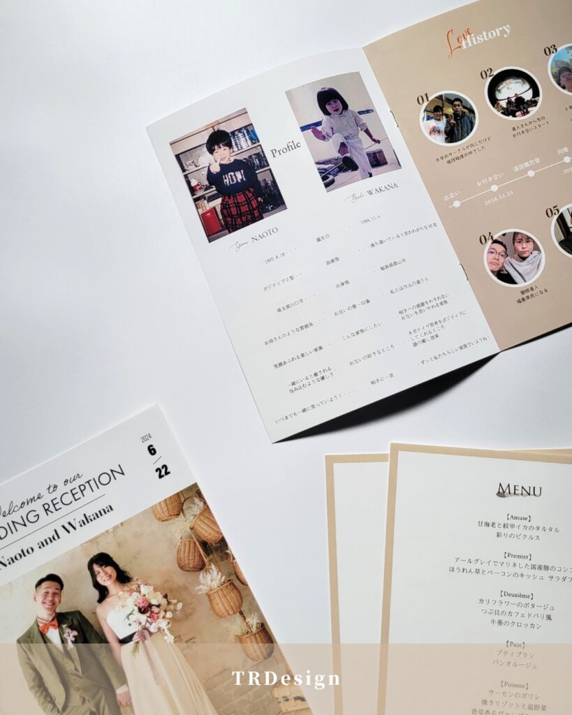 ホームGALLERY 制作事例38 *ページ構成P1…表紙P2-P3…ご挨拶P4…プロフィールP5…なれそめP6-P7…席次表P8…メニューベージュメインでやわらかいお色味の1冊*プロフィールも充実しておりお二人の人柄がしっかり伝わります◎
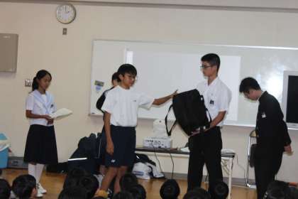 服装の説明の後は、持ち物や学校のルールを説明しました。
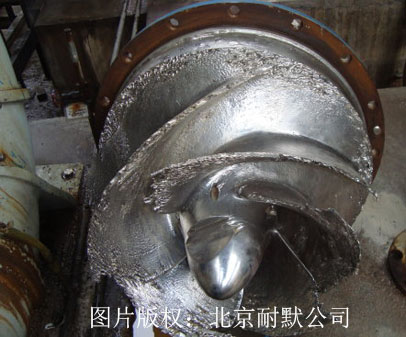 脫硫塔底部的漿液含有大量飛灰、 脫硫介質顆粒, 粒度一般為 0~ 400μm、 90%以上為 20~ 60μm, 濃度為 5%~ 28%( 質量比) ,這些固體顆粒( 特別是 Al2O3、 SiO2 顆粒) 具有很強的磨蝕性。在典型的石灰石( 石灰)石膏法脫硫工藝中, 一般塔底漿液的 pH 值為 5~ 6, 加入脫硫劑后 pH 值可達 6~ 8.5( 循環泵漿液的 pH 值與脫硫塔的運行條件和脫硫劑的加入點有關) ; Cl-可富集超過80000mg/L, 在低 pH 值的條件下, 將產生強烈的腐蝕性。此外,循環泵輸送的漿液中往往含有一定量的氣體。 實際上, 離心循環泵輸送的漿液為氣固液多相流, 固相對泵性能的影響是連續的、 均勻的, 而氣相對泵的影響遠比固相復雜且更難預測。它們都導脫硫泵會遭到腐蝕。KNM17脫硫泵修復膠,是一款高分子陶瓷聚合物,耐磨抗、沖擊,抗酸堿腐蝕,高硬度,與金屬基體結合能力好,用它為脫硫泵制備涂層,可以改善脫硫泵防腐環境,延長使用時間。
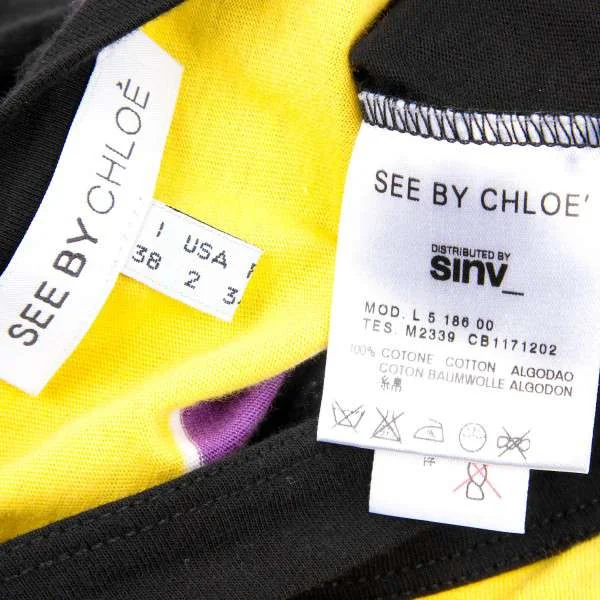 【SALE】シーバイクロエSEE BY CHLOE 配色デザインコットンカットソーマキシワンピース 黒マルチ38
====
Starting where a line contains "服装の説明の後は、持ち物や学校のルールを説明しました。" and finishing at the last line above, set down every line exactly as it reads, with no pictures.

 服装の説明の後は、持ち物や学校のルールを説明しました。
 脫硫塔底部的漿液含有大量飛灰、 脫硫介質顆粒, 粒度一般為 0~ 400μm、 90%以上為 20~ 60μm, 濃度為 5%~ 28%( 質量比) ,這些固體顆粒( 特別是 Al2O3、 SiO2 顆粒) 具有很強的磨蝕性。在典型的石灰石( 石灰)石膏法脫硫工藝中, 一般塔底漿液的 pH 值為 5~ 6, 加入脫硫劑后 pH 值可達 6~ 8.5( 循環泵漿液的 pH 值與脫硫塔的運行條件和脫硫劑的加入點有關) ; Cl-可富集超過80000mg/L, 在低 pH 值的條件下, 將產生強烈的腐蝕性。此外,循環泵輸送的漿液中往往含有一定量的氣體。 實際上, 離心循環泵輸送的漿液為氣固液多相流, 固相對泵性能的影響是連續的、 均勻的, 而氣相對泵的影響遠比固相復雜且更難預測。它們都導脫硫泵會遭到腐蝕。KNM17脫硫泵修復膠,是一款高分子陶瓷聚合物,耐磨抗、沖擊,抗酸堿腐蝕,高硬度,與金屬基體結合能力好,用它為脫硫泵制備涂層,可以改善脫硫泵防腐環境,延長使用時間。
 【SALE】シーバイクロエSEE BY CHLOE 配色デザインコットンカットソーマキシワンピース 黒マルチ38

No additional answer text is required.